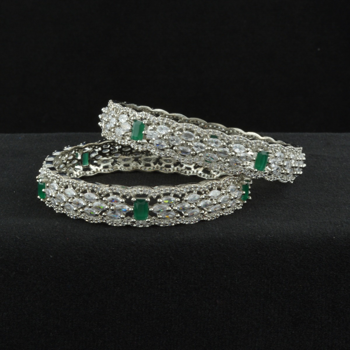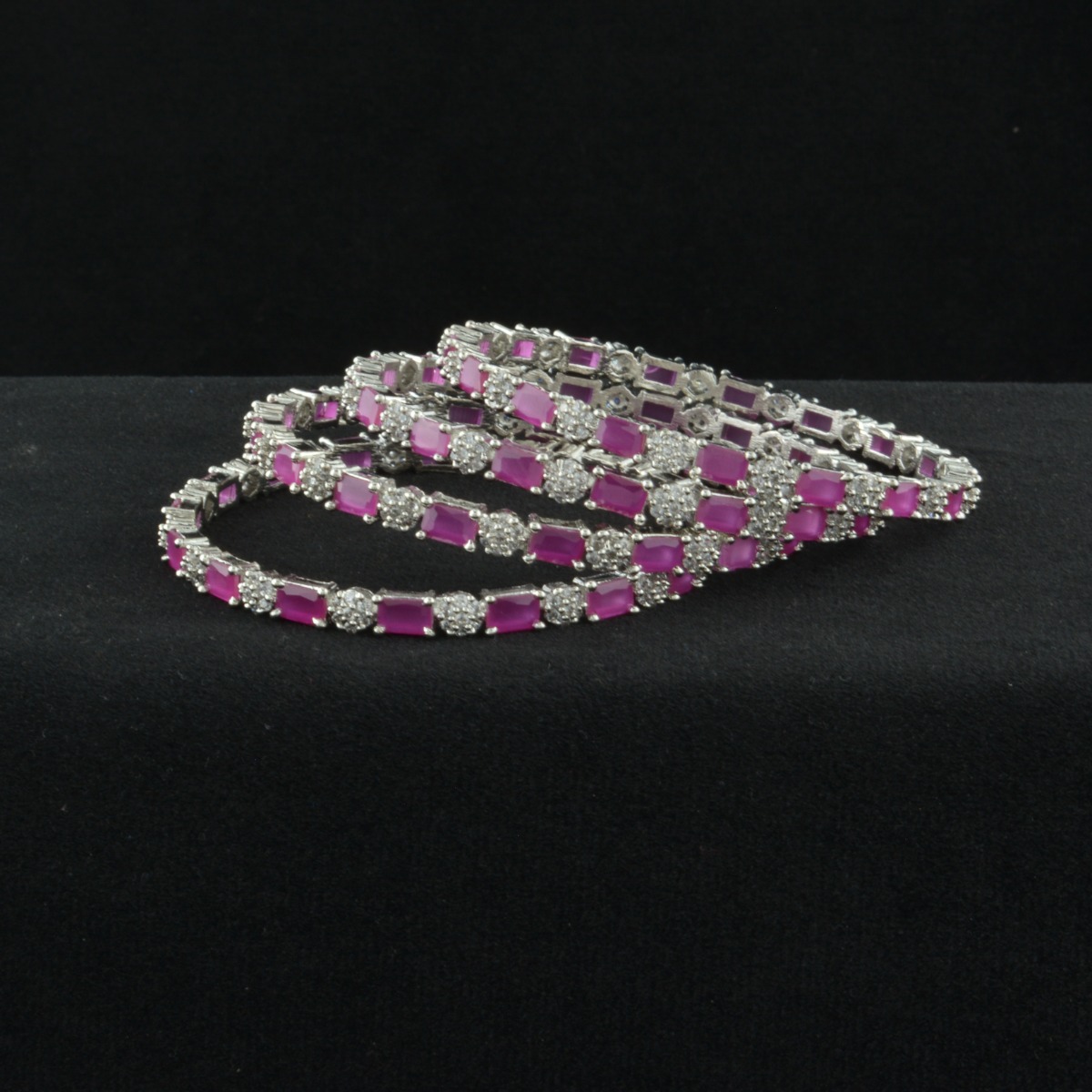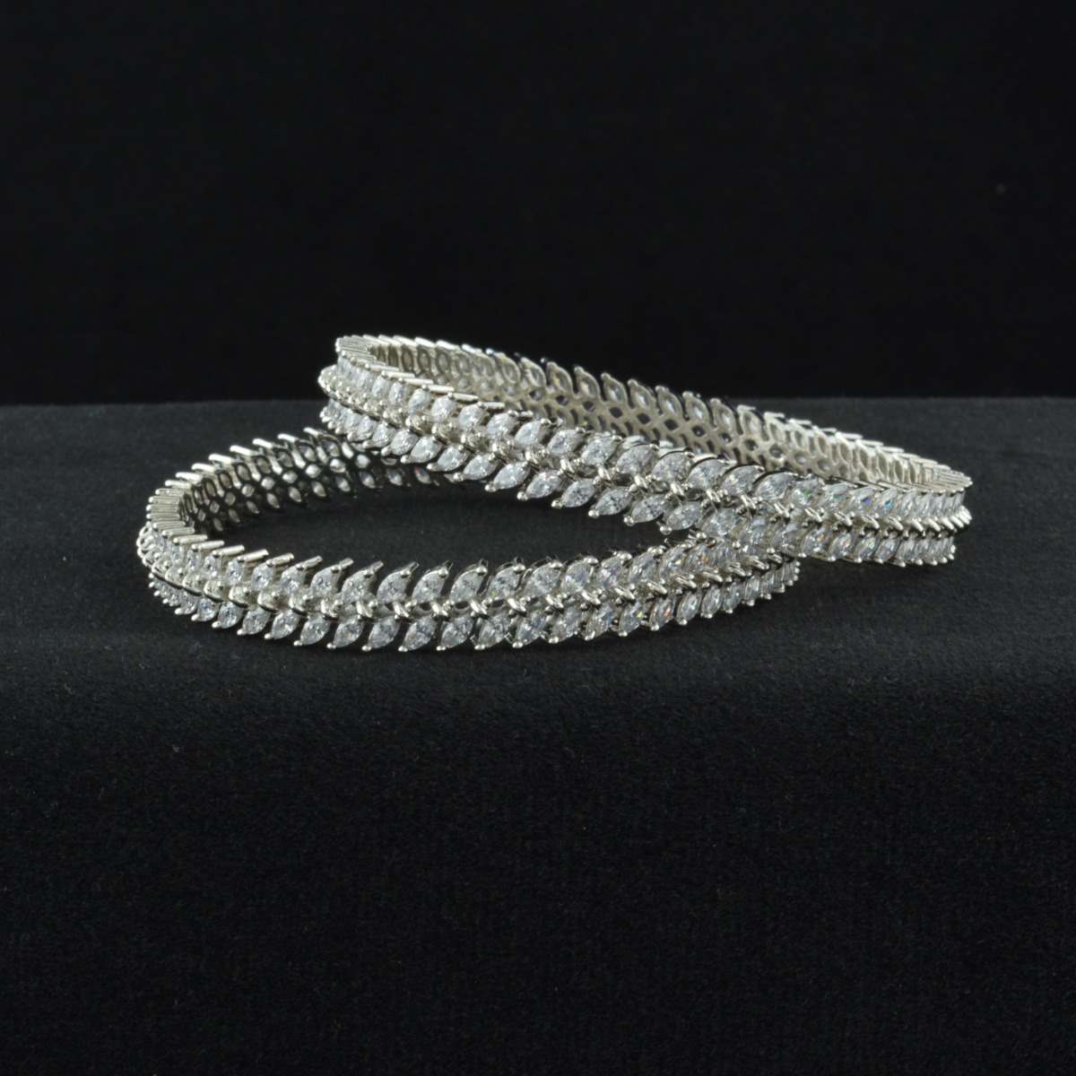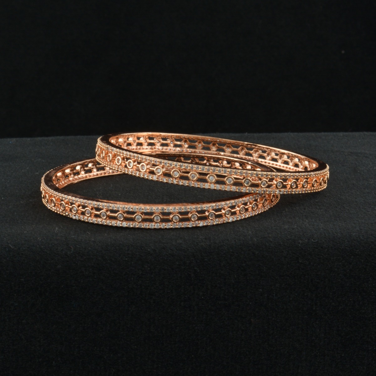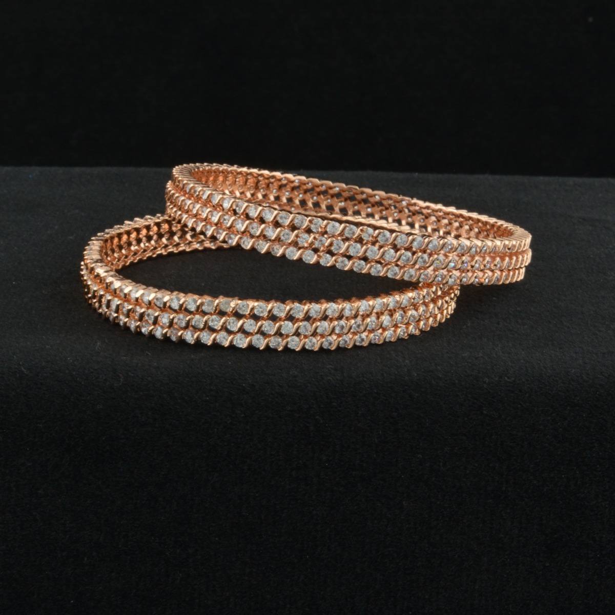 Enhance your festive elegance with these exquisite CZ American Diamond Bangles crafted in an exclusive designer pattern. Adorned with sparkling white stones and finished in luxurious rose gold plating, they offer a perfect blend of brilliance and warmth. Designed without chabi for a smooth, seamless look, these bangles provide comfortable and secure wear. Ideal for gifting, special occasions, and festival celebrations, they complement all regional styles beautifully. Pair them effortlessly with sarees to create a graceful and refined statement. A timeless accessory that combines modern sparkle with classic charm, adding sophistication and radiant beauty to every ensemble.
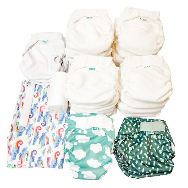 Een heel fijn pakket als je kindje boven de 6 kg is. Het is een tweeledig systeem: een losse luier die erg goed absorbeert, met daaroverheen een waterdicht overbroekje.
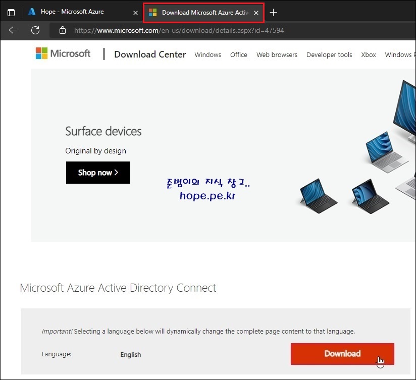 Microsoft Azure Active Directory Connect 다운로드 사이트가 새 탭으로 열리면, 'Download' 를 클릭 합니다.
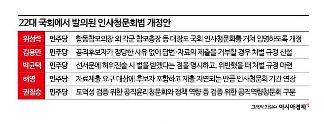 문제는 당리당략에 따라 인사청문제도에 대한 입장이 바뀌다 보니 여야 합치로 개정안을 통과시키기가 힘들다는 점이다. 실제 박근혜 정부 때 발의된 44개 법안 중 33개를 민주당 등 야당이, 문재인 정부 때 발의된 68개 발의된 법안 중 50개를 국민의힘 등 야당이, 윤석열 정부 때 발의된 34개 법안 중 29개를 민주당 등 야당이 발의하는 등 두 거대 정당은 여당일 때와 야당일 때 확연히 다른 적극성을 보였다.
━━━━━━━━
Leave the images out and output the remaining material exactly as it stands.

 Enhance your festive elegance with these exquisite CZ American Diamond Bangles crafted in an exclusive designer pattern. Adorned with sparkling white stones and finished in luxurious rose gold plating, they offer a perfect blend of brilliance and warmth. Designed without chabi for a smooth, seamless look, these bangles provide comfortable and secure wear. Ideal for gifting, special occasions, and festival celebrations, they complement all regional styles beautifully. Pair them effortlessly with sarees to create a graceful and refined statement. A timeless accessory that combines modern sparkle with classic charm, adding sophistication and radiant beauty to every ensemble.
 Een heel fijn pakket als je kindje boven de 6 kg is. Het is een tweeledig systeem: een losse luier die erg goed absorbeert, met daaroverheen een waterdicht overbroekje.
 Microsoft Azure Active Directory Connect 다운로드 사이트가 새 탭으로 열리면, 'Download' 를 클릭 합니다.
 문제는 당리당략에 따라 인사청문제도에 대한 입장이 바뀌다 보니 여야 합치로 개정안을 통과시키기가 힘들다는 점이다. 실제 박근혜 정부 때 발의된 44개 법안 중 33개를 민주당 등 야당이, 문재인 정부 때 발의된 68개 발의된 법안 중 50개를 국민의힘 등 야당이, 윤석열 정부 때 발의된 34개 법안 중 29개를 민주당 등 야당이 발의하는 등 두 거대 정당은 여당일 때와 야당일 때 확연히 다른 적극성을 보였다.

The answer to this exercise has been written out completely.